#### [What is being asked]
Restate the following data in its entirety, word for word and without images.

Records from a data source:
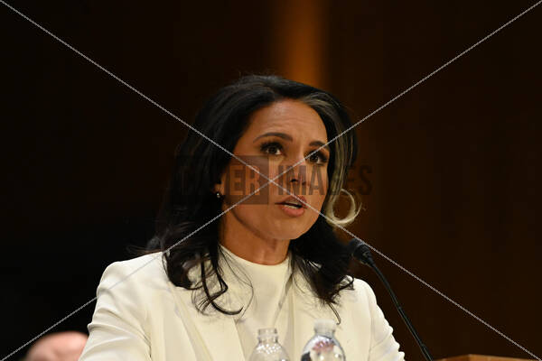 Tulsi Gabbard, Director of National Intelligence (DNI) listens to United States Senator Joni Ernst (Republican of Iowa) make opening remarks on her behalf for the Senate Judiciary hearing concerning her nomination to be Director of National Intelligence in the Hart Senate Office Building
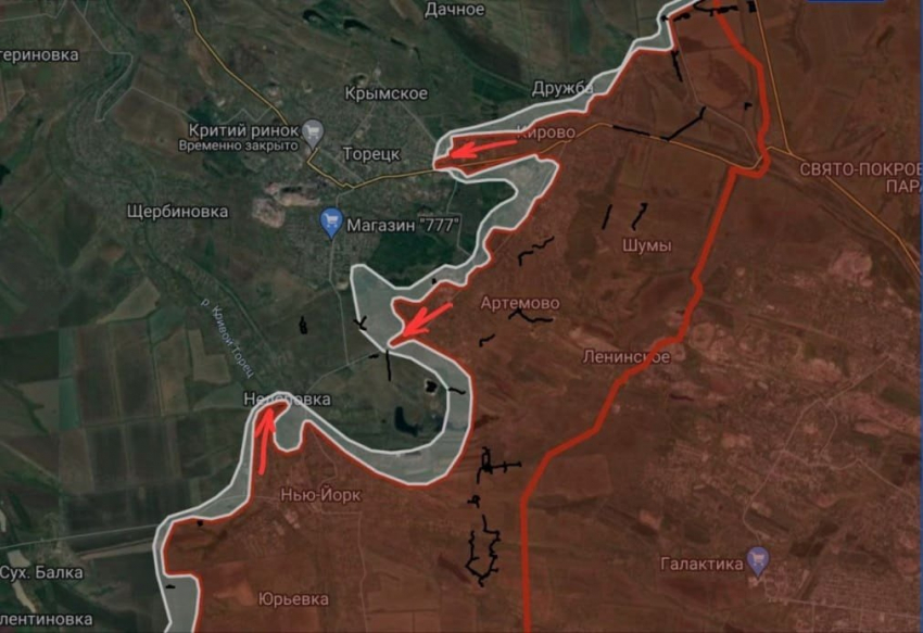 На Торецком направлении со стороны Железного, наши парни совершили мощный прорыв и закрепились на территории школы на юго-восточной окраине города. С северо-восточной стороны армии России удалось закрепиться в районе высоток, за которым останется частный сектор, оборонять который бандеровцами куда сложнее.
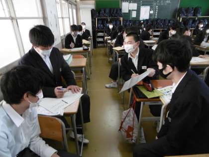 「コンピュータを使って機器を自動で動かすしくみ」についての授業でした。写真は先生の質問に対して、4人班で話し合っているところです。
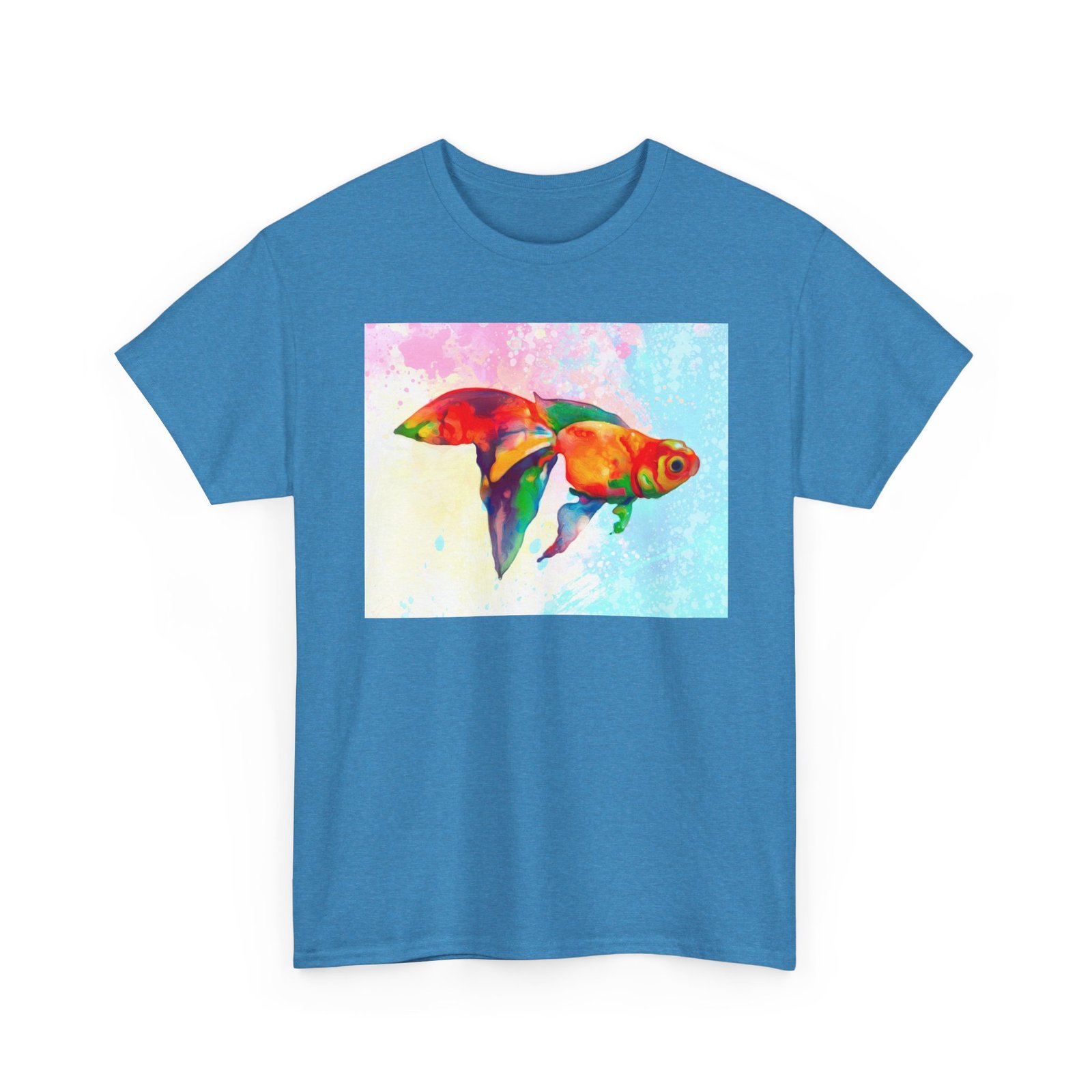 Introducing the perfect addition to your wardrobe: a Unisex Heavy Cotton Tee that combines comfort and style effortlessly. This shirt is not just a piece of clothing; it’s an expression of personality and creativity. With its vibrant, artistic design featuring colorful goldfish against a soft, pastel backdrop, it brings a touch of whimsy and joy to your everyday wear. The breathable fabric ensures year-round comfort, making it ideal for casual outings, family gatherings, or simply lounging at home with friends.
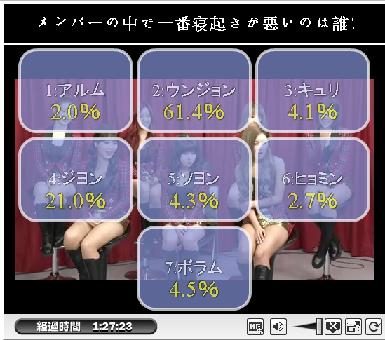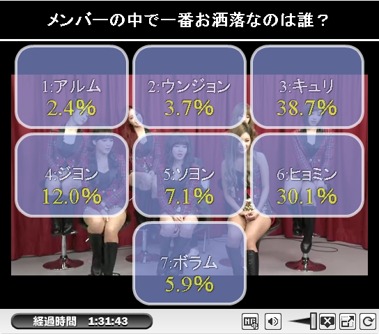 ヒョミンとキュリが接戦!僅差でキュリ^^
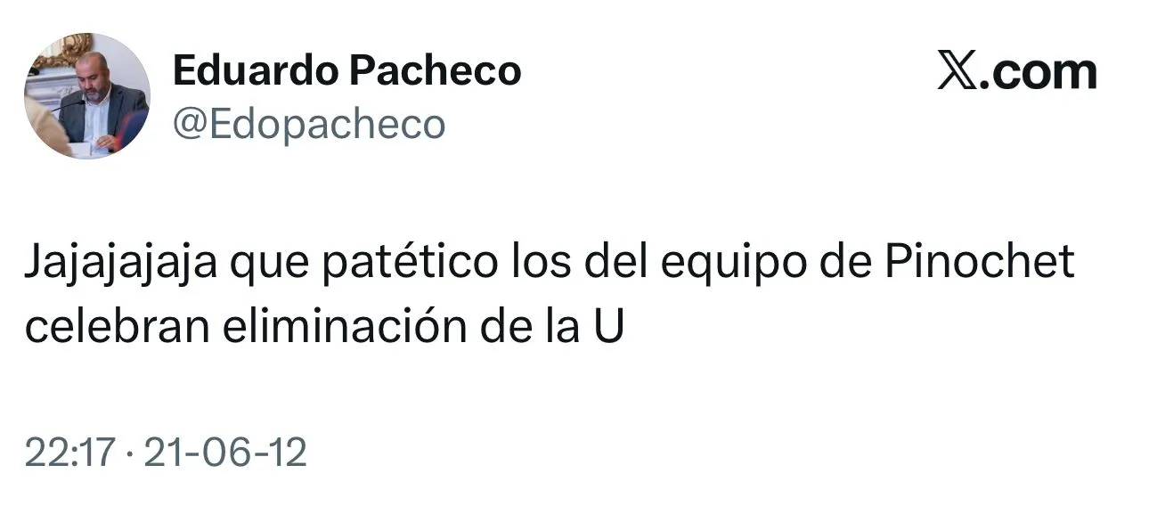 “Jajajajaja qué patético, los del equipo de Pinochet celebran eliminación de la U”, escribió la autoridad en aquella ocasión en X (Ex Twitter).
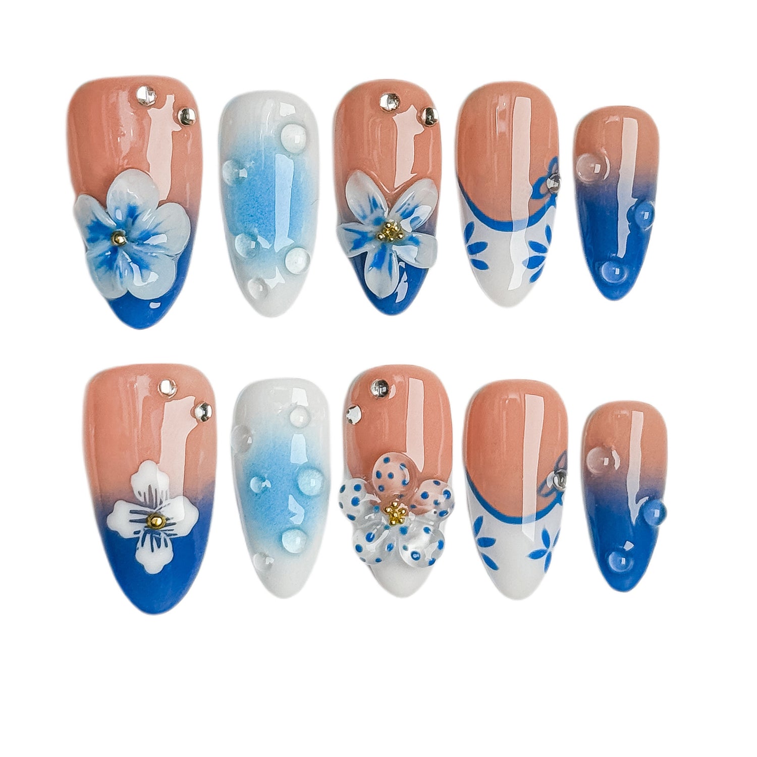 Embrace fresh elegance with Azure Bloom press-on nails from Glowyshe. Featuring a soft nude base with refined blue French tips, this set is enhanced with delicate 3D floral accents for a chic and romantic look. The medium almond shape adds timeless sophistication, perfect for both everyday wear and special occasions.
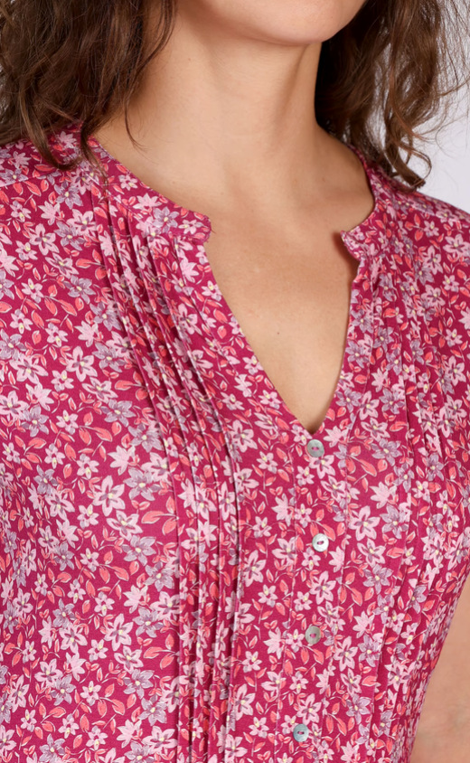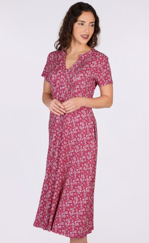 Das Kleid Fariam Anemone begeistert mit femininer Ausstrahlung und moderner Midilänge. Der schmeichelhafte V-Ausschnitt mit feinen Biesen und durchgehender Knopfleiste verleiht dem Kleid eine elegante Note, während das florale Muster für einen frischen, lebendigen Look sorgt.
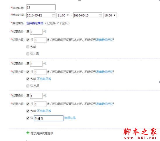 如上圖設置好,點擊保存就可以了,我們可以設置普通優惠,也可以設置多層級優惠,具體的采取哪種形式的優惠方式,結合店鋪的實際情況和店鋪的活動力度去設置就ok了
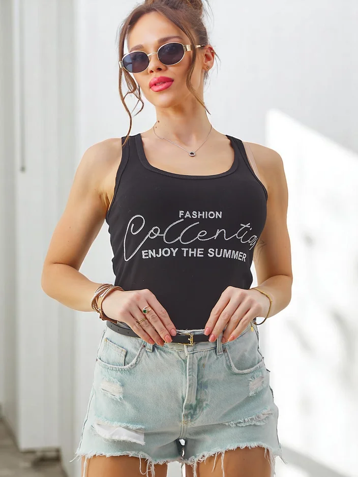 - Women's cotton tank top with straps featuring unique writings that combines comfort with trendy design. Light and breathable, perfect for summer days and casual outfits.
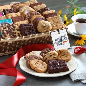 Warm Dad’s heart on this Father's Day with our oversized bountiful gourmet gift basket. This bakery gift basket comes filled with an assortment of oven-fresh brownies and a select choice of perfectly baked cookies that will surely make his day special.
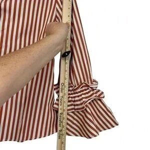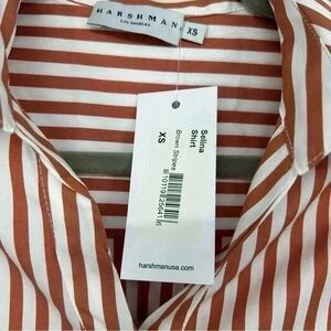 HARSHMAN SHIRT WOMEN’S XS BROWN STRIPED BUTTON DOWN FLARED SLEEVE COTTON NWT
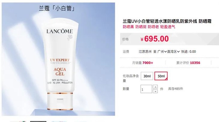 借用这位姐妹的话来说就是: “除了贵,没毛病的防晒” 。官网价50ml卖到695元,30ml都要480元,直接劝退很多心动的姐妹。

#### [Completed exercise]
 Tulsi Gabbard, Director of National Intelligence (DNI) listens to United States Senator Joni Ernst (Republican of Iowa) make opening remarks on her behalf for the Senate Judiciary hearing concerning her nomination to be Director of National Intelligence in the Hart Senate Office Building
 На Торецком направлении со стороны Железного, наши парни совершили мощный прорыв и закрепились на территории школы на юго-восточной окраине города. С северо-восточной стороны армии России удалось закрепиться в районе высоток, за которым останется частный сектор, оборонять который бандеровцами куда сложнее.
 「コンピュータを使って機器を自動で動かすしくみ」についての授業でした。写真は先生の質問に対して、4人班で話し合っているところです。
 Introducing the perfect addition to your wardrobe: a Unisex Heavy Cotton Tee that combines comfort and style effortlessly. This shirt is not just a piece of clothing; it’s an expression of personality and creativity. With its vibrant, artistic design featuring colorful goldfish against a soft, pastel backdrop, it brings a touch of whimsy and joy to your everyday wear. The breathable fabric ensures year-round comfort, making it ideal for casual outings, family gatherings, or simply lounging at home with friends.
 ヒョミンとキュリが接戦!僅差でキュリ^^
 “Jajajajaja qué patético, los del equipo de Pinochet celebran eliminación de la U”, escribió la autoridad en aquella ocasión en X (Ex Twitter).
 Embrace fresh elegance with Azure Bloom press-on nails from Glowyshe. Featuring a soft nude base with refined blue French tips, this set is enhanced with delicate 3D floral accents for a chic and romantic look. The medium almond shape adds timeless sophistication, perfect for both everyday wear and special occasions.
 Das Kleid Fariam Anemone begeistert mit femininer Ausstrahlung und moderner Midilänge. Der schmeichelhafte V-Ausschnitt mit feinen Biesen und durchgehender Knopfleiste verleiht dem Kleid eine elegante Note, während das florale Muster für einen frischen, lebendigen Look sorgt.
 如上圖設置好,點擊保存就可以了,我們可以設置普通優惠,也可以設置多層級優惠,具體的采取哪種形式的優惠方式,結合店鋪的實際情況和店鋪的活動力度去設置就ok了
 - Women's cotton tank top with straps featuring unique writings that combines comfort with trendy design. Light and breathable, perfect for summer days and casual outfits.
 Warm Dad’s heart on this Father's Day with our oversized bountiful gourmet gift basket. This bakery gift basket comes filled with an assortment of oven-fresh brownies and a select choice of perfectly baked cookies that will surely make his day special.
 HARSHMAN SHIRT WOMEN’S XS BROWN STRIPED BUTTON DOWN FLARED SLEEVE COTTON NWT
 借用这位姐妹的话来说就是: “除了贵,没毛病的防晒” 。官网价50ml卖到695元,30ml都要480元,直接劝退很多心动的姐妹。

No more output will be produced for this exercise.